The following morning he called on the chief of staff, a taciturn colonel who didn't ask a single question about Stalingrad itself or the position of the various fronts. By the end of their conversation Darensky had come to the conclusion that this colonel would be of no help at all; he asked him to stamp his documents and then went out to inspect the troops himself.
As he got into his jeep he felt a strange lightness and emptiness in his arms and legs, a total lack of thought or desire; he felt at once sated and drained. Everything round about seemed insipid and empty: the sky, the feather-grass and the hills that only yesterday had seemed so beautiful. He didn't want to talk or joke with his driver. Even his thoughts about his friends and relatives, about his beloved mother, were somehow cold and lifeless. His thoughts about this war in the desert, at the furthest limits of Russian territory, were equally lacking in passion.
Every now and then he spat, shook his head and muttered with a kind of obtuse surprise: 'What a woman…'
He thought remorsefully that this kind of affair always came to a bad end.
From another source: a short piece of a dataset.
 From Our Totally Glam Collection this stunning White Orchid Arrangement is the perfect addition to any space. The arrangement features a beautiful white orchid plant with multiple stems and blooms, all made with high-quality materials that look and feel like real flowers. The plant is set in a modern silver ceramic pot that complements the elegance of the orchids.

He remembered something he had read, either in Kuprin or in some foreign novel, about love being like a lump of coal: hot, it burns you; cold, it makes you dirty. He wanted to cry, or rather to have a good moan, to find someone he could tell his troubles to. It wasn't his own choice, it was the will of Fate. This was the only kind of love he knew… Then he fell asleep. When he woke up, he thought suddenly: 'Well, if I don't get myself killed, I'll certainly drop in on Allochka on the way back.'
67
On his way back from work, Major Yershov stopped by Mostovskoy's place on the bedboards.
'One of the Americans heard the radio today: our resistance at Stalingrad has really upset the German strategy.'
Then he frowned and added: 'And there was a report from Moscow – something about the liquidation of the Comintern.'
'You must be crazy,' said Mostovskoy, looking into Yershov's intelligent eyes, eyes that were like the cool, turbid waters of spring.
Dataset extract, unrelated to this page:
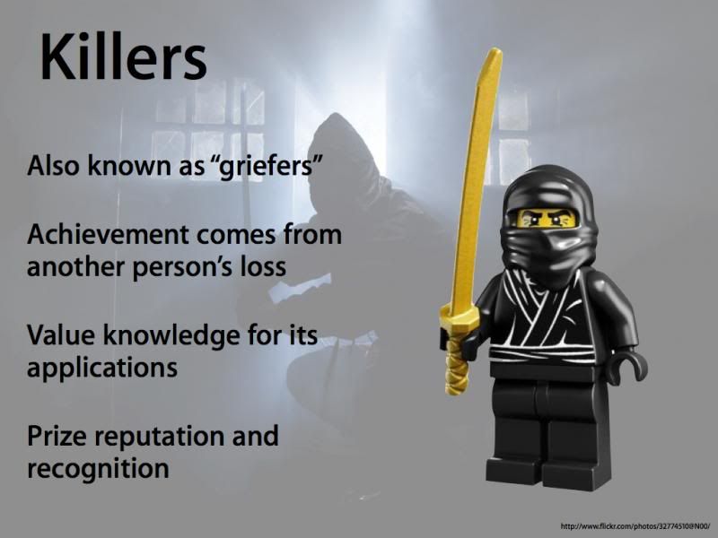 Killers like ACTING on other PLAYERS.  They wish to dominate them, either through bullying or politicking.  They use the tools of the game to cause distress to other players.

'Maybe the American got it mixed up,' said Yershov, scratching his head. 'Maybe the Comintern's been expanded.'
During his life Mostovskoy had known several people who were like a diaphragm that resonated to the thoughts, ideals and passions of a whole society. Not one important event ever seemed to pass them by. Yershov was such a person; he was a mouthpiece for the thoughts and aspirations of the whole camp. But a rumour about the liquidation of the Comintern didn't hold the least interest for this master of men's minds.
Brigade Commissar Osipov, who had been responsible for the political education of a large military unit, was equally indifferent.
'General Gudz said that it was because of your internationalist propaganda that all this funk first set in. We should have brought people up in the spirit of patriotism, the spirit of Russia.'
'You mean God, the Tsar and the Fatherland?' said Mostovskoy mockingly.
'Nonsense,' said Osipov with a nervous yawn. 'Anyway, who cares about orthodoxy? What matters, dear comrade, is that the Germans are skinning us alive.'
The Spanish soldier known to the Russians as Andryushka, who slept on the third tier of boards, wrote ' Stalingrad ' on a scrap of wood and gazed at the word during the night. In the morning he turned it over in case the kapos caught sight of it as they came by on their rounds.
'If I wasn't sent out to work, I used to lie on the boards all day long,' Major Kirillov told Mostovskoy. 'But now I wash my shirt and I chew splinters of pine-wood against scurvy.'
The SS officers, known as 'the happy lads' because of the way they sang on their way to work, now picked on the Russians with even more cruelty than usual.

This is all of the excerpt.